Tommy would practically leap out of his damn skin whenever I started to talk about, and occasionally practice, Satanism and shit--everybody knew, or had an inkling, that it was just a guise--and his reaction only fueled my need to intensify all that I was doing.

Granted, I did take it too far sometimes. Chris liked it, though.

But maybe that movie startled him. And, for Tommy, it was more a reality than anything because his car did run over him one time, and then he decided to name his fucking corvette 'Christine'.

She wasn't too thrilled about that when he told her. Neither was I, actually.

Regardless, that plotline was presumably all a little bit too much for T-Bone to handle.

I snorted, waiting for Heather to fuck off with Sharise, or someone. I didn't care where she went, or who with, but I wanted her to go. And, ideally, never come back.

Being around a woman of that nature was exhausting. Of course, she was tolerable at times--usually when she wasn't speaking--but I still couldn't stand her.

"Since when did you care if a girl is spoken for, Tommy?" I implored and, in amusement, watched as his face fell.

For the most part, I'd gotten over myself. I had, silently, pardoned him and moved on as best as I could've.

Not an easy feat, if I do say so myself. But it was doable.

It did hurt sometimes. I'd be an idiot to not confess to that. But if I wished for my band to survive, then I had no choice but to exonerate the hostility I felt toward him.

However, watching humiliation wash over that stupid face of his was something I fucking adored. Especially when Heather was around.

"Dude, lighten up a little. I'm just fuckin' with you."

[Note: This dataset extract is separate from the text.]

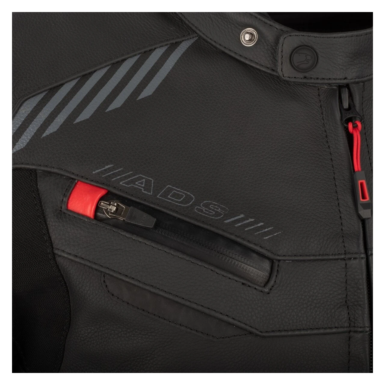 Technical jacket made with high quality cowhide and ShieldTex stretch fabric inserts. It has an ADS ventilation system with heat-sealed zips, a laminated waterproof BWTech Mega membrane and a high-performance Shelltech Mega removable thermal lining that allows it to adapt to different weather conditions. It incorporates CE certified protections on shoulders and elbows as well as a pocket for an optional back protector (sold separately).
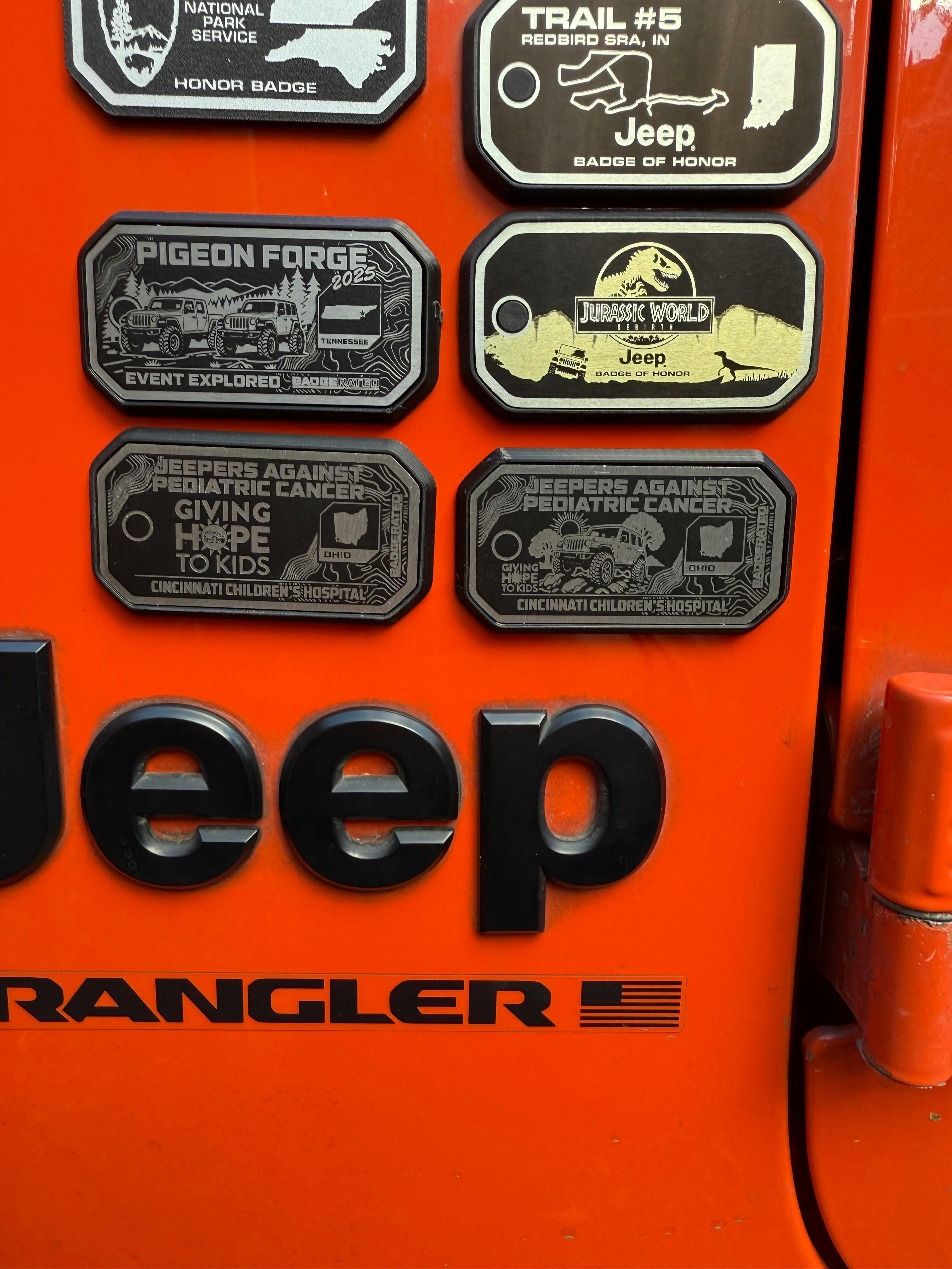 Display all of your adventures on your 4x4! These metal and plastic custom honor badges are designed to be used on the outside of your vehicle and survive the elements.

Tommy barely looked at me, taking a pull from the bottle of Jack we'd been sharing all morning.

Killed the mood once again. Evidently, that's what I did best.

"Could you at least try to go one day without making insolent comments, Nikki?" Heather, with a caustic glare, quizzed me.

It felt as though she was there to babysit four grown men, not to support her husband's band on their biggest tour to date. She'd spent more time reprimanding us than anything else.